De officier van justitie heeft zich in een e-mail van 2 april 2020 verzet tegen het opheffen van het contactverbod. In reactie op de e-mail van de raadsvrouw van 6 april 2020 heeft hij laten weten geen nadere reactie te hebben.
De rechtbank overweegt dat er op 2 december 2019 voor is gekozen om aan verdachte een contactverbod met medeverdachten [medeverdachte 1 en 2] op te leggen, als voorwaarde voor de schorsing van zijn voorlopige hechtenis. Verdachte heeft daar toen ook mee ingestemd. De rechtbank vindt onvoldoende onderbouwd waarom het contactverbod nu zou moeten komen te vervallen. Ook omdat het gaat om een verbod op contact met de medeverdachten, ziet de rechtbank op dit moment geen reden het contactverbod als schorsingsvoorwaarde te laten vervallen.
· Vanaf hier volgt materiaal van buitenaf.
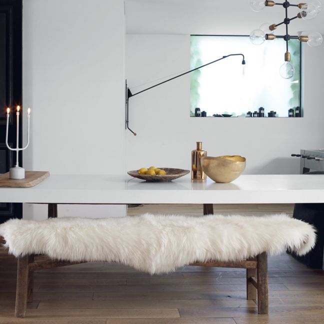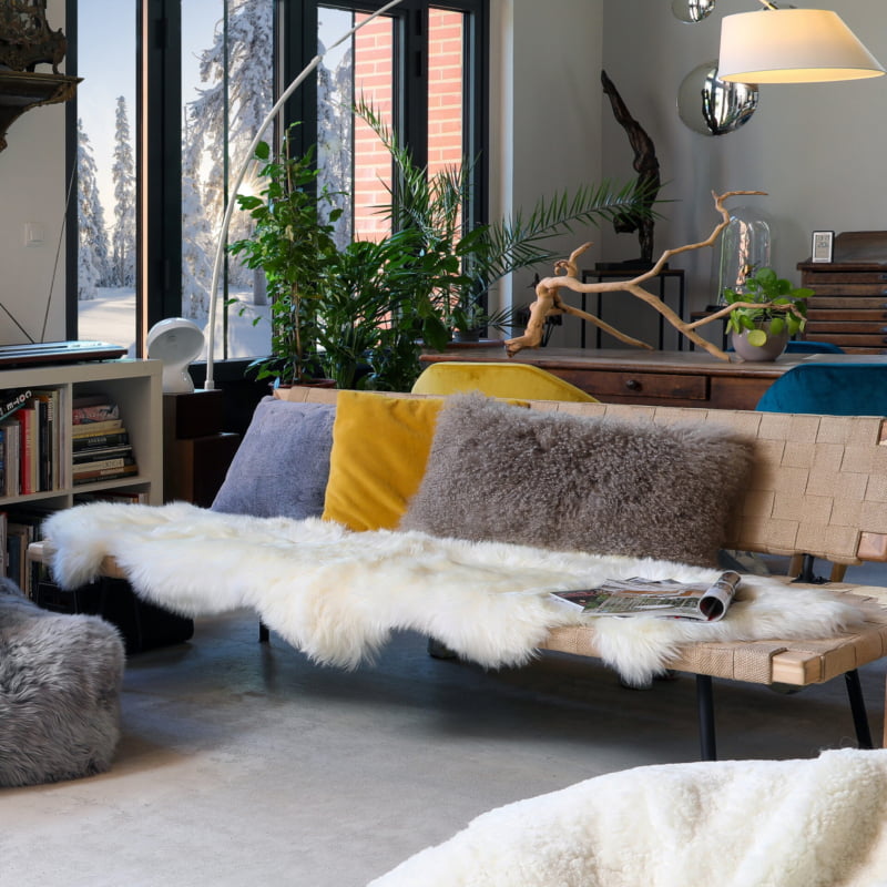 Cette peau de mouton longue est parfaite pour réchauffer un banc ou une banquette. Elle existe également en gris clair.
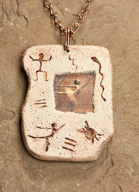 An image for a pendant popped into my head one day and I managed to create it in clay. Now I can't decide if I like it. It is an image transfer on an inner layer covered by faux sandstone. The window is supposed to look like it was chiseled out of the stone. Please tell me what you think.

Het verzoek wordt dan ook afgewezen.
Deze beslissing is op 6 april 2020 genomen door mr. C. Kleinrensink, voorzitter, mr. Y. Yeniay-Cenik en mr. C.C.M. Poland, in tegenwoordigheid van mr. M.C. Korevaar, griffier. De rechters en de griffier zijn buiten staat te ondertekenen. Daarom is in opdracht getekend door een dienstdoende tekenrechter.
Naam en handtekening tekenrechter:
De openbaarheid van deze beslissing wordt geborgd doordat de beslissing aan de raadsvrouw van verdachte (en eventuele andere procesdeelnemers) kenbaar wordt gemaakt en overigens door spoedige publicatie op www.rechtspraak.nl.